To overwrite this behavior a different flavour can be passed with "-f flavour_config.yaml" or a different target file "-t target_config.yaml" can be set.
In the video, I am showing as example how to start the kubeflow flavour.
4.2 Debugging environment
A debugging environment (i.e., a pod within the namespace providing an interactive session) can be spawned using "run.sh -d".
4.3 Installing local helm charts
We provide a subfolder to collect a few helm charts that were not yet offered at the time of development.
To install a helm chart from the infrastructure folder you would normally run something like:
helm install --dry-run --debug --name mlflow-test --namespace data-mill helm-charts/mlflow/
helm install --name mlflow-test --namespace data-mill helm-charts/mlflow/
with the first command testing the chart and the second actually deploying it on the default data-mill namespace.
Alternatively, just add our Git Repo as Helm repo too:
helm repo add data-mill https://data-mill-cloud.github.io/data-mill/helm-charts/
4.4 Accessing the Data Lake and Data versioning
We use minio as local S3 datalake service. Code examples are directly copied to the minio pod and exposed as a bucket.

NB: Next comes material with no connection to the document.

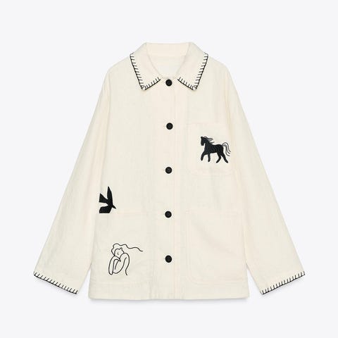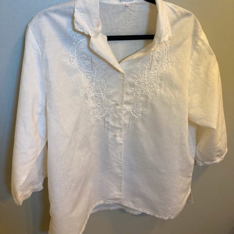 Nydelig behagelig Lilla Fransk Romantisk Tung Broderi Blomsterskjorte for Kvinner Løstsittende og Slankende

Within the cluster, Minio can be accessed at <minio-release>.<namespace>.svc.cluster.local on port 9000 (or http://<minio-release>:9000).
Minio can also be managed from the minio/mc client, using port-forwarding to the pod:
export POD_NAME=$(kubectl get pods --namespace <namespace> -l "release=<minio-release>" -o jsonpath="{.items[0].metadata.name}")
kubectl port-forward $POD_NAME 9000 --namespace <namespace>
You can follow this guide to install the mc client. For instance:
mc config host add <ALIAS> <YOUR-S3-ENDPOINT> <YOUR-ACCESS-KEY> <YOUR-SECRET-KEY> <API-SIGNATURE>
The access key and secret of the deployed minio service can be easily retrieved with:
ACCESS_KEY=$(kubectl -n <namespace> get secrets <minio-release> -o jsonpath="{.data.accesskey}" | base64 -d)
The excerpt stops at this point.